The deployment is working when:
questdb.sh status -d /var/lib/questdbreports the service as runningcurl http://localhost:9003/statusreturnsStatus: Healthyfrom the VMhttp://<external-ip>:9000loads the Web Console from an allowed source IP
For production deployments, use systemd to manage the QuestDB service.
Security
Change default credentials
Update credentials immediately after deployment.

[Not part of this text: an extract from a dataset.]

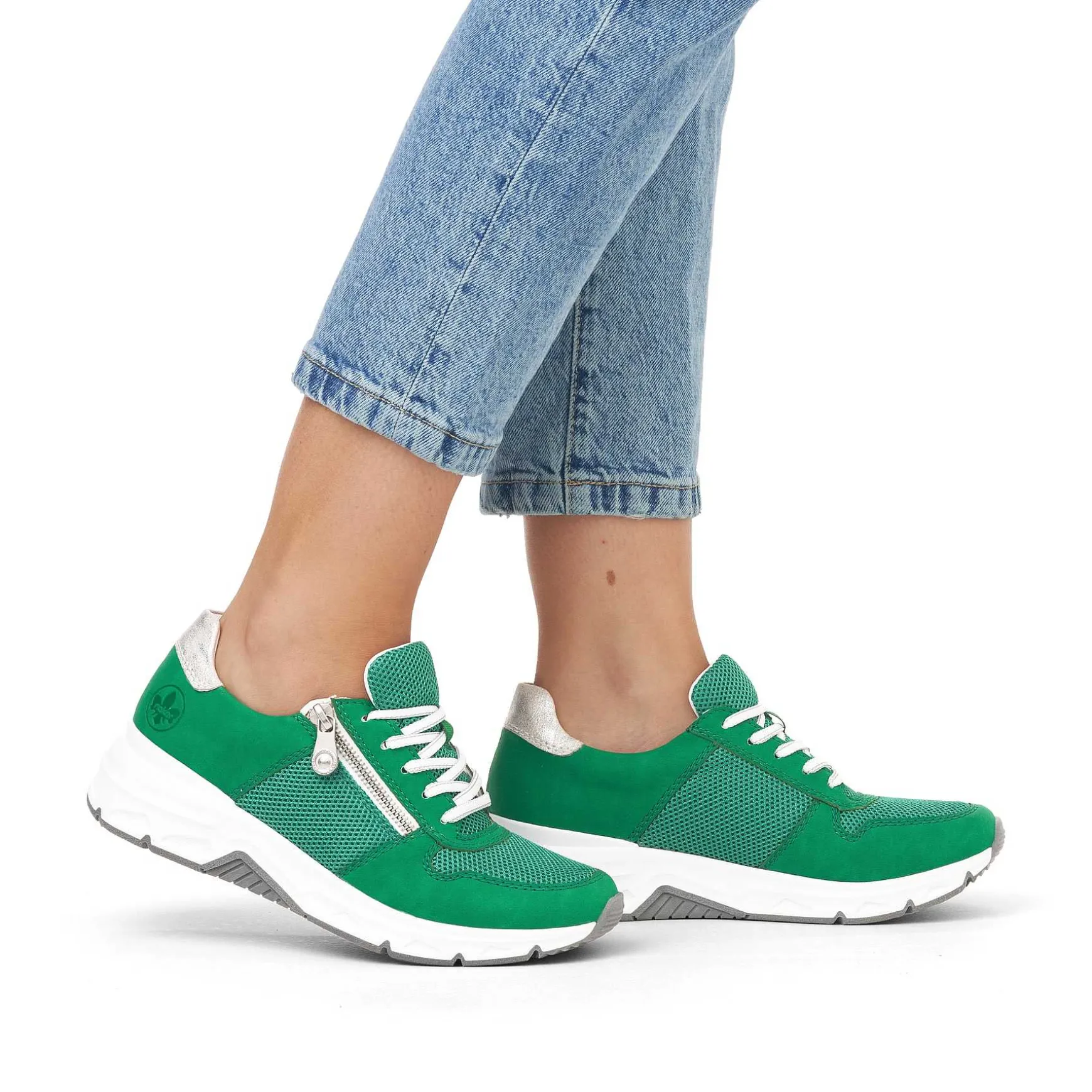 On The Fashion Radar! These Grass Green Rieker Sneakers Low For Women Have Been Elaborately Crafted. The Clever Combination Of Zipper And Lacing Makes It Easy To Put On And Take Off. With The Non-Slip Sole, Sure-Footed Walking Is A Given. The Sneakers Have A Padded And Removable Insole That Is Like A Vacation For Your Feet! The Comfort Width G Offers Enough Space So That The Feet Feel Comfortable Even When Worn For Longer Periods. Attention, Favorite Shoe Potential!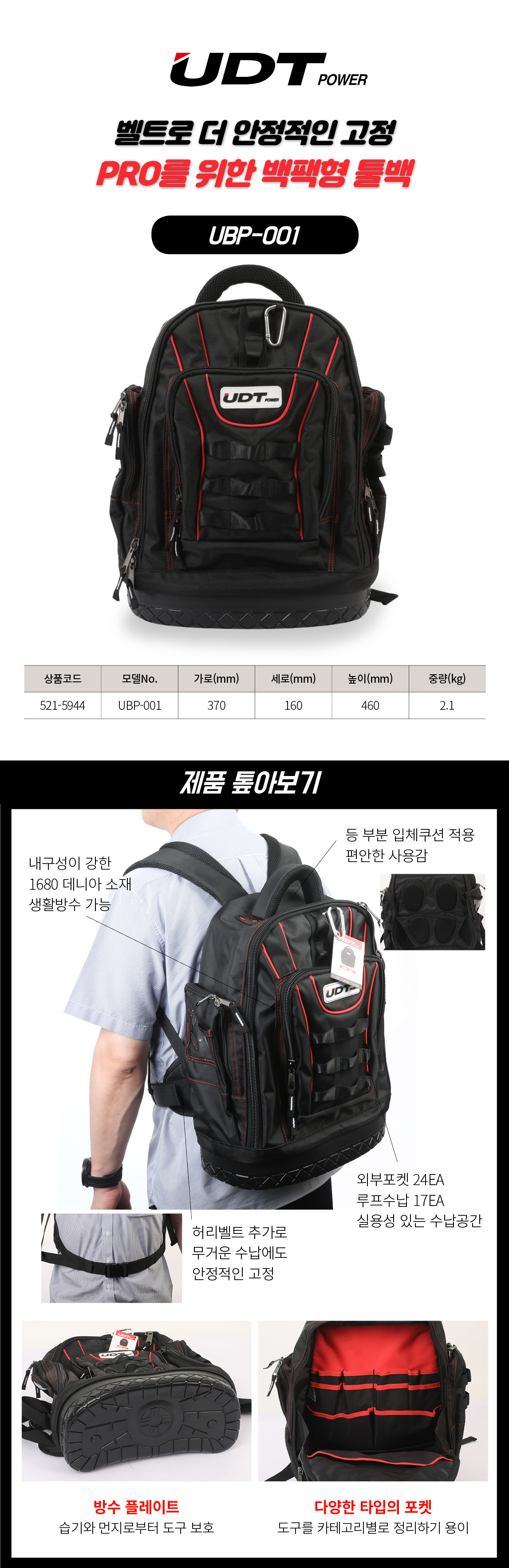 UDT 공구배낭 툴백 UBP-001 (백팩 벨트형) 외부포켓24개루프17개 370X160X460mm

Web Console and REST API - edit conf/server.conf:
http.user=your_username
http.password=your_secure_password
PostgreSQL - edit conf/server.conf:
pg.user=your_username
pg.password=your_secure_password
InfluxDB line protocol - edit conf/auth.json. See
ILP authentication.
Restart after changes:
./questdb.sh stop -d /var/lib/questdb
./questdb.sh start -d /var/lib/questdb
Disable unused interfaces
Reduce attack surface by disabling protocols you don't use:
pg.enabled=false # Disable PostgreSQL
line.tcp.enabled=false # Disable ILP
http.enabled=false # Disable Web Console & REST API
http.security.readonly=true # Or make HTTP read-only
Operations
Upgrading
-
Stop QuestDB:
./questdb.sh stop -d /var/lib/questdb -
Back up your data directory
-
Download and extract the new version:
wget https://github.com/questdb/questdb/releases/download/9.4.3/questdb-9.4.3-rt-linux-x86-64.tar.gz
tar xzf questdb-9.4.3-rt-linux-x86-64.tar.gz
- Start the new version:
cd questdb-*/bin
./questdb.sh start -d /var/lib/questdb
Monitoring
Health check:
curl http://localhost:9003/status
Prometheus metrics:
curl http://localhost:9003/metrics
Cloud Monitoring integration:
Use the Ops Agent to collect:
- VM metrics (CPU, memory, disk I/O)
- QuestDB logs from the
log/directory - Custom metrics from the Prometheus endpoint
Enterprise on GCP
QuestDB Enterprise adds production features for GCP:
- GCS replication - Continuous backup for durability
- Cold storage - Move old partitions to GCS, query on-demand
- High availability - Automatic failover across instances
GCP offers two low-latency NFS services that can act as a replication transport
via the fs:: prefix, as an alternative to GCS:
- Google Filestore - a managed NFS service. The
fs::transport over NFS provides sub-200ms replication lag with aggressive tuning, compared to ~1s+ with the GCS object store transport. - NetApp Volumes - a managed NFS service backed by NetApp ONTAP. The QuestDB configuration is identical to Filestore.
To use Filestore or NetApp Volumes for replication:
- Create the instance in the same region as your QuestDB VMs
- Mount the NFS share on both primary and replica nodes
- Configure the
fs::transport inserver.conf:
replication.object.store=fs::root=/mnt/questdb-repl/final;atomic_write_dir=/mnt/questdb-repl/scratch;
Use the backup feature to manage WAL file retention
on the NFS mount. On GKE, expose the share as a PersistentVolume with
ReadWriteMany access mode using the
Filestore CSI driver
so both primary and replica pods can mount it simultaneously.
Filestore Zonal and Basic SSD tiers may require a
quota increase before use,
and NetApp Volumes requires enabling the netapp.googleapis.com API.
For GCS replication, create a bucket for the database, then follow the Enterprise Quick Start to create a connection string and configure QuestDB.